2. Architecture: Why We Chose Polling over Push
While the hackathon prompt mentioned RFC 6455 (WebSockets), our team conducted a risk-benefit analysis. WebSockets require stateful servers (ASGI), message brokers (Redis), and complex connection management.
Instead, we validated the power of RFC 9110 (HTTP Semantics). By using standard GET requests on a 3-second interval, we achieved:
- Horizontal Scalability: Our app can run on any standard web server (Gunicorn/NGINX).
- Stateless Reliability: If a connection drops, the next poll simply picks up where it left off.
- Reduced Complexity: We traded a 2-second “latency” for a system that is 10x easier to maintain and audit.
3. Technology Stack & Standards Mapping
We built a modern, 3-tier application where every layer adheres to international standards:
| Layer | Technology | Standard |
|---|---|---|
| Data Interchange | JSON | RFC 8259 |
| Transport | HTTP/1.1 | RFC 9110 |
| API Architecture | Django REST Framework | REST Principles |
| Physical Trigger | QR Code | ISO/IEC 18004 |
4. Implementation: The AJAX Heartbeat
The “magic” of the real-time update happens in a simple, elegant JavaScript loop. By using the modern fetch() API, we query our DRF endpoint and perform a client-side “diff” to see if new scan events have arrived.
JavaScript
// The heartbeat of the system
setInterval(async () => {
const response = await fetch(‘/api/data/’);
const data = await response.json();
updateDashboardUI(data); // Injects new rows into the table
}, 3000);
This ensures the “Live Feed” feel without the overhead of a persistent socket.

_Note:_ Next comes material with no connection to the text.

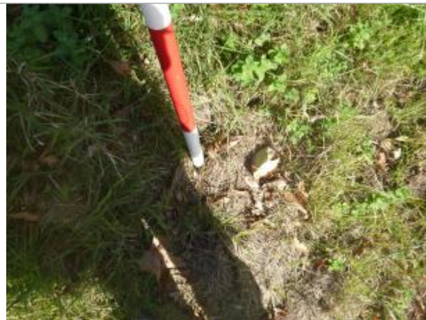
Berge rive droite champ

Coordonnées WGS84 : X: 2.31361515 / Y: 43.09210820

5. Lessons Learned & The Road Ahead
Our sprint methodology taught us that “Real-Time” is a spectrum, not a binary. For event check-ins and attendance, a 3-second poll is functionally identical to a sub-second socket push, but significantly more stable.
Future RFC Alignment:
- Security (RFC 7519): Our next sprint involves securing the scan-capture endpoint with JWT (JSON Web Tokens) to ensure that every check-in is a verifiable credential.
- Efficiency: We plan to explore HTTP Long-Polling, a middle-ground that reduces empty requests while staying within the stateless RFC 9110 model.